A few choice quotes: "You are allowing developers to come in to build condo units and homes at prices that a large percentage of the population can't afford," she said. "So what is going on here?"
It's called capitalism. Someone takes a risk to build something so that they can make money if it sells. If it doesn't sell, then they lose money. If you can't afford to buy it, that is not the developer's concern. Using your logic, should new buildings be built only if a large majority of the population can afford them? If so, how is the population measured? What about slum areas? Under this logic, once a neighborhood becomes poor, it will remain poor. You can build new homes for the poor residents at artificial prices, but those poor neighborhoods would remain more or less in their current state: with the same residents paying the same taxes to support the same infrastructure that clearly was not conducive to income generation in the first place.
People such as Halford say they are priced out of something that by rights should be theirs.
By rights? What right is this? The right to housing? The right to housing at a certain price? What is a housing right? The right to purchase or rent? Has someone denied her the ability to purchase or rent something? Does a housing right have an inflation element inherent in it? How would a housing right measured monetarily be calculated? Can rights be calculated? The author slips this opinion about rights into the story as if it comes from the ostensible human interest element, but by not explicitly countering that claim with an opposing opinion, tacitly allows it to be recorded as fact. This sentence is an example of disgraceful journalism.
Last year, nearly half of the $21 million in disbursements from Montgomery's Housing Initiative Fund went to buy and renovate apartment buildings that officials considered "threatened." In many cases, the threat came from an owner who intended to convert affordable apartments into luxury units.
Is this paragraph written positively (i.e. that it is a good and noble use of taxpayer dollars to fight gentrification)? Artificially limiting the use of a building by its owner in the name of a poorly defined social good is not a particularly useful means of either taxpayer dollars or governmental energy. At what point does an asset that you own become threatened? By whom, by the way? Who decides that a building is a threatened? This article treats the building as the property of the government (acting in the name of society) first, and the actual owner second.
Leggett [a MD politician] proposed that the county develop entire projects of price-controlled housing.
Great. Projects worked so well in the past, I don't know why they ever fell out of favour...
Looking past the tired brown carpet, the dated appliances, the "little bug" crawling in a kitchen drawer, she [Halford] saw some potential.
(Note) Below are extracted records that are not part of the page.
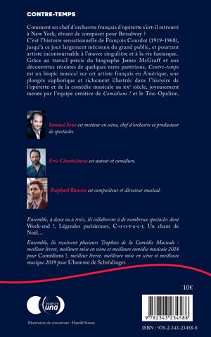 Comment un chef d'orchestre français d'opérette s'est-il retrouvé à New York, rêvant de composer pour Broadway ? C'est l'histoire sensationnelle de François Courdot (1919-1968), jusqu'à ce jour largement méconnu du grand public, et pourtant artiste incontournable à l'oeuvre singulière et à la vie fantasque. Grâce au travail précis du biographe James McGraff et aux découvertes récentes de quelques rares partitions, Contre-temps est un biopic musical sur cet artiste français en Amérique, une plongée euphorique et richement illustrée dans l'histoire de l'opérette et de la comédie musicale au XXe siècle, joyeusement menée par l'équipe créative de Comédiens! et le Trio Opaline.
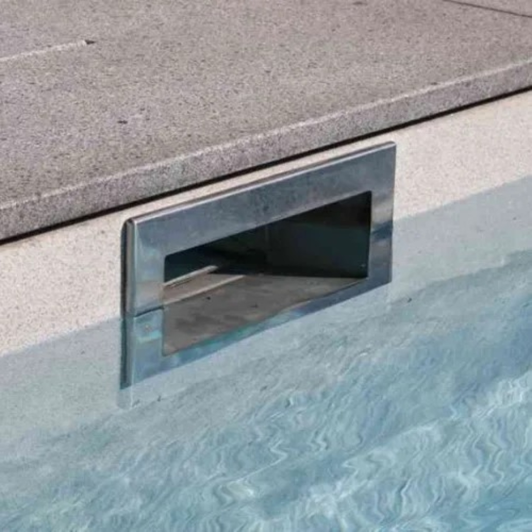 Винты прижимного фланца находятся внутри корпуса тем самым обеспечивая полную гидроизоляцию. Крышка полностью закрывает внутренний отсек скиммера, чем обеспечивает полную изоляцию места соприкосновения плитки и корпуса скиммера.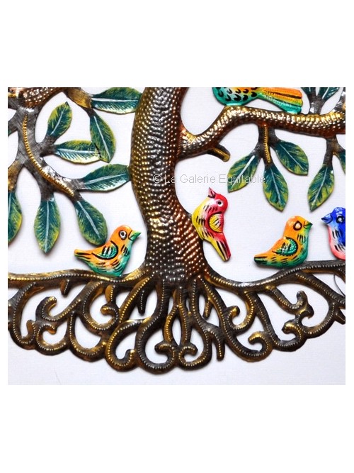 Arbre réalisé à partir de métal recyclé, découpé, martelé et peint par un artiste haïtien.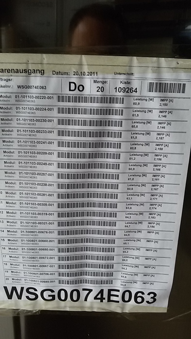 I moduli FV sono i resti. I moduli solari sono tecnicamente in ordine e vengono venduti senza garanzia o garanzia. In caso di garanzie residue, queste possono essere eventualmente fatte valere nei confronti del produttore dall'acquirente. Se il produttore è insolvente, anche queste richieste vengono estinte. Sottolineiamo espressamente che noi, in qualità di venditore, non possiamo dare alcuna pretesa di garanzia o garanzia.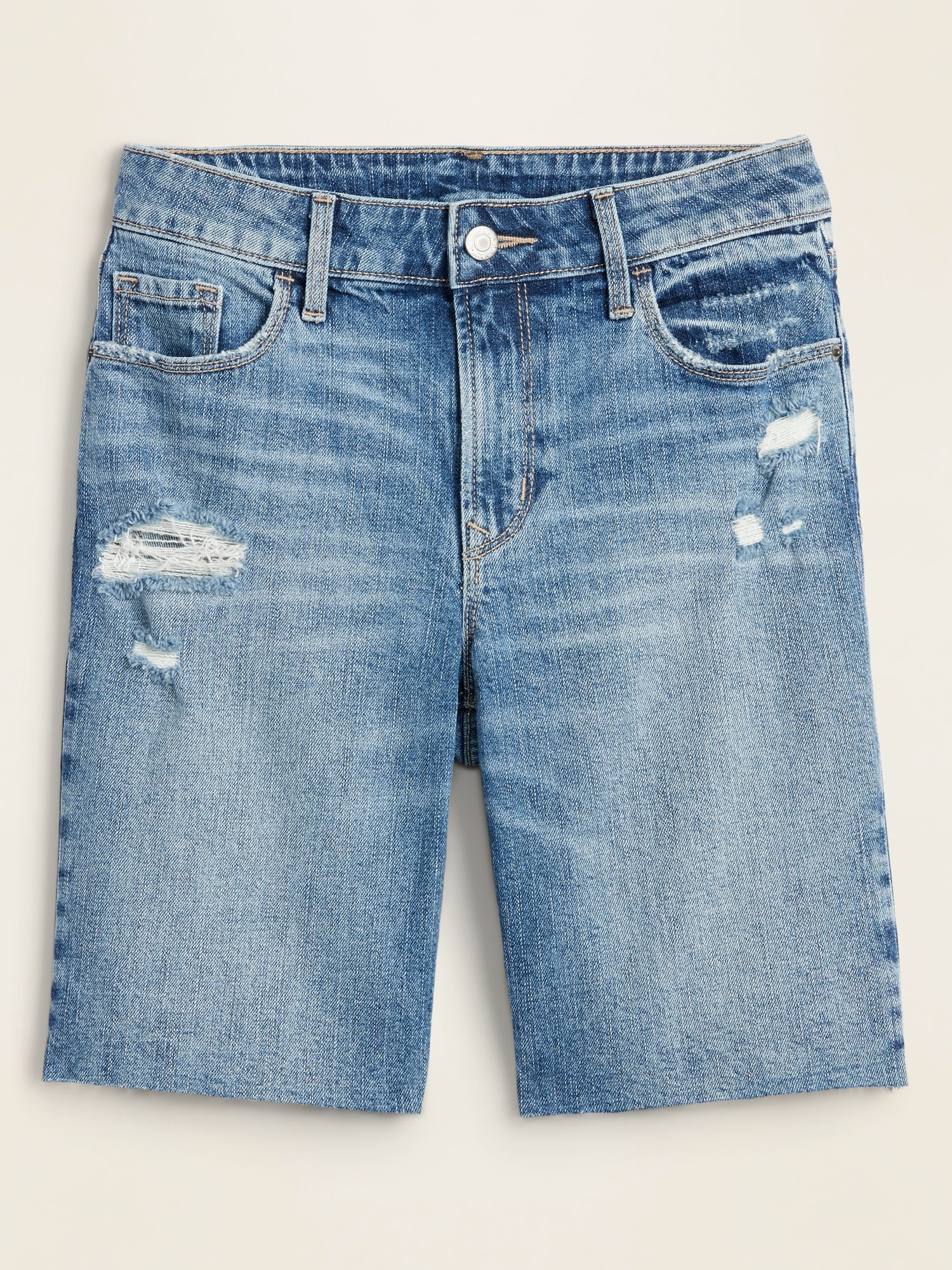 Mid Rise Distressed Bermuda Jean Shorts For Women 9 Inch Inseam Old Navy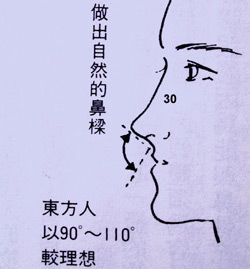 東方人的鼻子多是短,鼻根低,鼻翼大,鼻尖扁,鼻樑如馬鞍狀的低矮曲線,引致面部輪廓過於平坦,缺乏性格。希望鼻子高一點是很多東方人的理想,相反地,歐美人則希望過高的鼻子能低一些,或改善常見的鷹勾鼻。
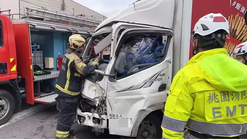 畫面中,砂石車緩緩向前移動,駕駛方向盤一轉,車頭左轉直行,但右方直行的小貨車根本來不及反應,「飛彈式」高速撞擊砂石車的車頭,由於衝撞力道過大,小貨車整台車從路面彈起後又落下,湯姓駕駛一度受困於座位上,救護人員到場時將人拉出,湯男腳部骨折及多處擦挫傷,送往長庚醫院救治。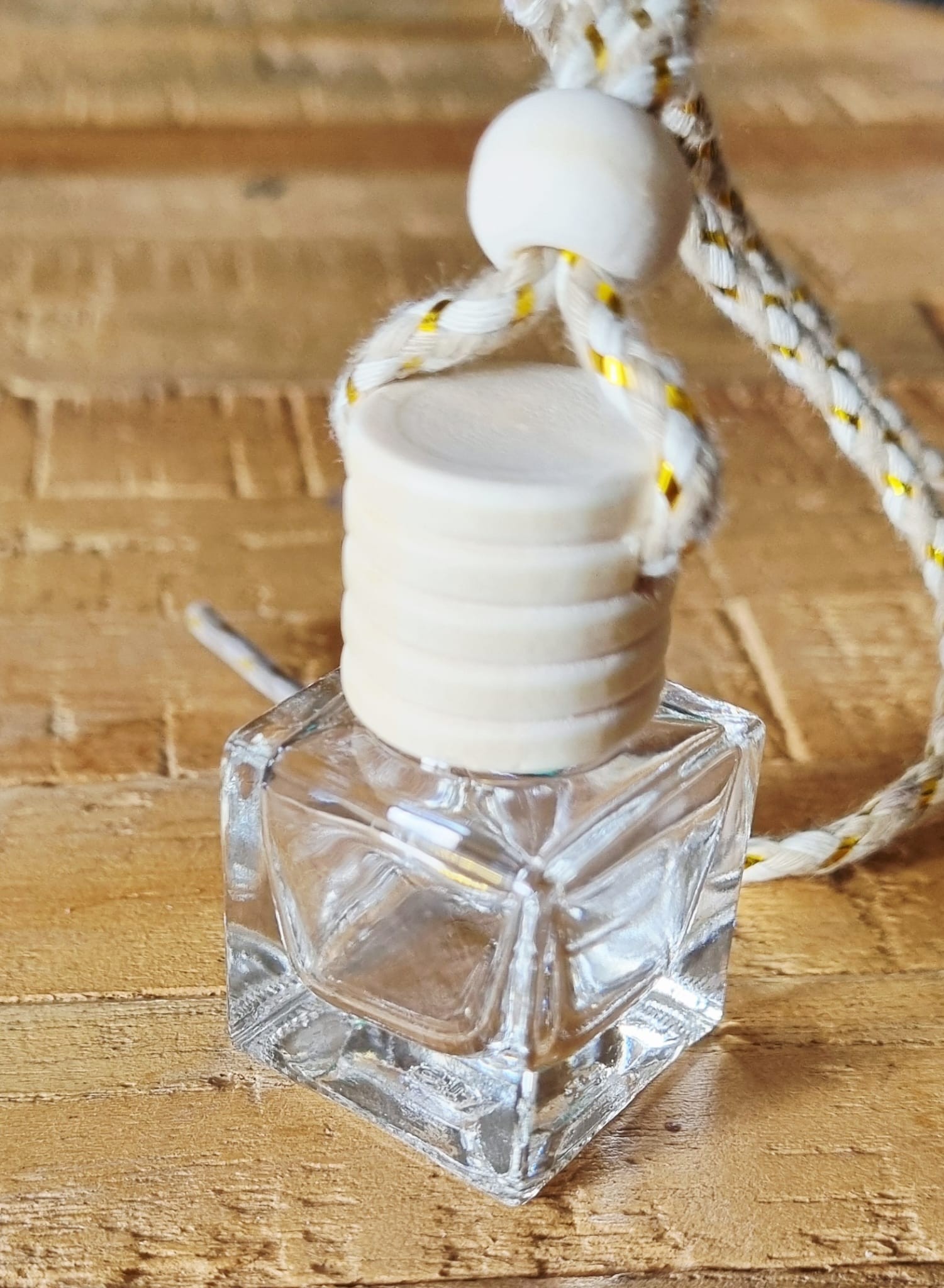 Le parfum sera imbibé dans le bouchon en bois, assurant une diffusion optimale. Suspendez le diffuseur dans la voiture à l'endroit de votre choix.

But for $199,000, she said, "I would want it to be in better condition than that."
My immediate reaction to the article is that maybe the woman who is its subject will never be satisfied with what she can afford -- and that attitude makes her just like everyone else. If you look for something with 2 bedrooms, 2 baths, parking, a washer and dryer in a good neighborhood in the DC area for 200K and think that you will suddenly find it if you just wait (!), then maybe you are the problem and not the housing market.
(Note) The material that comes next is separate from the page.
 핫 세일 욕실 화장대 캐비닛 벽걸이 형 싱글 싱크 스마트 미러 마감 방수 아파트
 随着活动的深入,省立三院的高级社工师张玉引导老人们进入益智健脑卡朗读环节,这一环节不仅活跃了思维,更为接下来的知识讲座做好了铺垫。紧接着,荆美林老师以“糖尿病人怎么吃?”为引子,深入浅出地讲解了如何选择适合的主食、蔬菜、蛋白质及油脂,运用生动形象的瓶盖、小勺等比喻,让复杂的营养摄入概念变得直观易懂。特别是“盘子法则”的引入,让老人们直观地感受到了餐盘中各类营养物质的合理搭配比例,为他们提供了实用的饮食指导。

And as for the broader housing market's problem of affordability and the relevant solutions to that problem, I do not find the article pursuasive. In both economic and social terms, most attempts to use a fuzzy notion of justice to shape the law are bound to end in painful, unintended consequences.
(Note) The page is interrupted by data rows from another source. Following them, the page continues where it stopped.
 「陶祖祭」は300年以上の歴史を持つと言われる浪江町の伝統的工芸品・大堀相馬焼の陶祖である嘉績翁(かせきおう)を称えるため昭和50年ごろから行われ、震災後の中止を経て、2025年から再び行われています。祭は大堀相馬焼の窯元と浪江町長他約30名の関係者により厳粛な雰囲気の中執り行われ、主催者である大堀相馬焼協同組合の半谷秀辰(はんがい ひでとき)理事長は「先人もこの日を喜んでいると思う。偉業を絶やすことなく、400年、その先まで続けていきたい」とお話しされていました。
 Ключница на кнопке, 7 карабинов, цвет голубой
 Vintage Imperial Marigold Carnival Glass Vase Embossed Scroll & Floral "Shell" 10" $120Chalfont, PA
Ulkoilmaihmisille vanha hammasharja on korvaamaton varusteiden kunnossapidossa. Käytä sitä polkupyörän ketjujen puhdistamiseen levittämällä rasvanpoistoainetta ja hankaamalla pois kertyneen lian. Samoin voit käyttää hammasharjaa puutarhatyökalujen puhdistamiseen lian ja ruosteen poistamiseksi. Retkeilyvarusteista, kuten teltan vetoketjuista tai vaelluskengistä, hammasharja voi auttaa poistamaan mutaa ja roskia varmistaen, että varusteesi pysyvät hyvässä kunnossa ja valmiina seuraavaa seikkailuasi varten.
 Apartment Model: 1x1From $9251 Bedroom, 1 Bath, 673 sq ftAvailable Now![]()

Shame on the Washington Post for such an overtly lefty political piece posing as a human interest story.
1 comment:
There should be no "housing right", and thankfully there is none. Perhaps it will become the next amendment if Hillary gets the 2008 nod, but for now there is none.
That's not to say that government doesn't play a huge role in the housing market. One of the hottest markets is Portland, OR (my previous home town). Anti-sprawl rules pushed by state democrats prevented urban growth beyond certain boundaries. In a state that is only 2% developed, this seems a little overly cautious. As expected from any simple understanding of economics, prices began to soar and soar as land, abundant as it is there, became a precious commodity.
The woman in that article simply needs to realize the harsh truth....you don't have a right to own everything you want.